(Data extracted from a collection)
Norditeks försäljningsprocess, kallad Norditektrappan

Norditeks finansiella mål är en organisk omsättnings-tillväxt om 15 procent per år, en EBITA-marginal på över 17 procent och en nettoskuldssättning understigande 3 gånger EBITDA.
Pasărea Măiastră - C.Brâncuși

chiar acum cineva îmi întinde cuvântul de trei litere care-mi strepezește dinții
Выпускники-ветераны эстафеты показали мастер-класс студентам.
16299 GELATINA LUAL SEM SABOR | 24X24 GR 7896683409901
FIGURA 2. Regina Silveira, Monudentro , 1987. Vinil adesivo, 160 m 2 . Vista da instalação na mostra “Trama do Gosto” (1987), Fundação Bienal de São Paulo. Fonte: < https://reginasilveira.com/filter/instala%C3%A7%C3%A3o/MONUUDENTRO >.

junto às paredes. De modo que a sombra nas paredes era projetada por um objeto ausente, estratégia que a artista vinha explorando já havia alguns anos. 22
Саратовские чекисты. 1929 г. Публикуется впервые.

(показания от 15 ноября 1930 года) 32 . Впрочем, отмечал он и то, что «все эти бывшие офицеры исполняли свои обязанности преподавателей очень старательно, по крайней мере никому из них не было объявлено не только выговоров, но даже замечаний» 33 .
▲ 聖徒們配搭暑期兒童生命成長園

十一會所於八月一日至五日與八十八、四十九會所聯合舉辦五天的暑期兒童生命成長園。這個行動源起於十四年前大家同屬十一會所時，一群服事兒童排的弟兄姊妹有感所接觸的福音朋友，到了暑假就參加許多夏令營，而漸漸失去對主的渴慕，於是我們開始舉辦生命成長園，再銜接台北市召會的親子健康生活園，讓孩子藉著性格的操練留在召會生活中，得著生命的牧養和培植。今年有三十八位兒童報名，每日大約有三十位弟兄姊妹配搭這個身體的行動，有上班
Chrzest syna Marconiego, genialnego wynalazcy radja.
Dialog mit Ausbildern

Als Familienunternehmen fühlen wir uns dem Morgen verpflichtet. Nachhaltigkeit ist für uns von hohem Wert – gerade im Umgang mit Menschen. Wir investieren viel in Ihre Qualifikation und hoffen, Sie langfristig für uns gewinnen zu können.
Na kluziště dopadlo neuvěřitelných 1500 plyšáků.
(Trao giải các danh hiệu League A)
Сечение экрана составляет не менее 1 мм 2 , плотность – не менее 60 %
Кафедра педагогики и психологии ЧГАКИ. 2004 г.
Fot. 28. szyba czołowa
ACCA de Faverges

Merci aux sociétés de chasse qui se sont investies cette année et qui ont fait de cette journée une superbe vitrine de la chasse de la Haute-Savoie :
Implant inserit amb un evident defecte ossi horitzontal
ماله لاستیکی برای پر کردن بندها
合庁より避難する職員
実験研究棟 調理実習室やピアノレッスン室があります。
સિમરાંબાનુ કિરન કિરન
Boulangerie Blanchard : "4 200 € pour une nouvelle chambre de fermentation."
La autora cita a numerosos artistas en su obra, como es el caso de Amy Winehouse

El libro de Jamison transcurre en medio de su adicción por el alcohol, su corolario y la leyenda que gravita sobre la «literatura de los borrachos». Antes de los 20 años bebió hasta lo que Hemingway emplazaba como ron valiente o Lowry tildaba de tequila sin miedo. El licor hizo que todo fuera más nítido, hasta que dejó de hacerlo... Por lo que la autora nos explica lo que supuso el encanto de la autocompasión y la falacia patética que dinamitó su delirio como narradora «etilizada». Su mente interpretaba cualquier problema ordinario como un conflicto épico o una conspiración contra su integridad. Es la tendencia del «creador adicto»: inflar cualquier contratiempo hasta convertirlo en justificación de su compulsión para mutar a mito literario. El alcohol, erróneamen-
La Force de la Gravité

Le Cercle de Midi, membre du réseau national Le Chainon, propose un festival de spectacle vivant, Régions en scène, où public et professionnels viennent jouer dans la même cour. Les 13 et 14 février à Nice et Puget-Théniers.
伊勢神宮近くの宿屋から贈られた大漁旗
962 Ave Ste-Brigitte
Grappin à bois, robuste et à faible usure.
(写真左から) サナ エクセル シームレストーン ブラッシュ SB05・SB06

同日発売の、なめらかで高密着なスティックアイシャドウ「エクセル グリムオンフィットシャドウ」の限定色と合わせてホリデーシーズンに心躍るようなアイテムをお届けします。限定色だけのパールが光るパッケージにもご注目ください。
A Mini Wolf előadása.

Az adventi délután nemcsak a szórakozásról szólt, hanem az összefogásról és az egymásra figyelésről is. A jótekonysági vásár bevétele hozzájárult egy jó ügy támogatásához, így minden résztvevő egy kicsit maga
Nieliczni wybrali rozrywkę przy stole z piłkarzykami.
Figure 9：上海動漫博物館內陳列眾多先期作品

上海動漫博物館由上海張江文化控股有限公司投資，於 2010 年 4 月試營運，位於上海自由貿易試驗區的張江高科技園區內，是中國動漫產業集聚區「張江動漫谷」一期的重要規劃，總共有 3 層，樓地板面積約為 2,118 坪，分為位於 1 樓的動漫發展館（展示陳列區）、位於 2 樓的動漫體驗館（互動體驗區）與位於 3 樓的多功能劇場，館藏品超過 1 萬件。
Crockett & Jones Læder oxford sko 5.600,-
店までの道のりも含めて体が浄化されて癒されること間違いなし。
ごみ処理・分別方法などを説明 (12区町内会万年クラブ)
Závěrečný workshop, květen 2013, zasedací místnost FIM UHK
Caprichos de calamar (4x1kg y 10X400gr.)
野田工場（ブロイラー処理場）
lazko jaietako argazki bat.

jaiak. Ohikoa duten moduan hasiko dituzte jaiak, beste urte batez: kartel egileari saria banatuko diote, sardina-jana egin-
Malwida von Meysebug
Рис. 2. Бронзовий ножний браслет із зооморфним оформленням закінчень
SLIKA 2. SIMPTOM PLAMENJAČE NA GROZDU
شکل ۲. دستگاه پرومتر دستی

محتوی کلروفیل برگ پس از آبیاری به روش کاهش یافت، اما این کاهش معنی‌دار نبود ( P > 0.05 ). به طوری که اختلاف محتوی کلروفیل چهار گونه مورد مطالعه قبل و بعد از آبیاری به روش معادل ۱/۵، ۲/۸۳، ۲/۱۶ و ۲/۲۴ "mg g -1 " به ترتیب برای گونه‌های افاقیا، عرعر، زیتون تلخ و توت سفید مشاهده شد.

Problem details
In the records above, locate every line with the string "エクセル" and copy it.

Solved problem
(写真左から) サナ エクセル シームレストーン ブラッシュ SB05・SB06
同日発売の、なめらかで高密着なスティックアイシャドウ「エクセル グリムオンフィットシャドウ」の限定色と合わせてホリデーシーズンに心躍るようなアイテムをお届けします。限定色だけのパールが光るパッケージにもご注目ください。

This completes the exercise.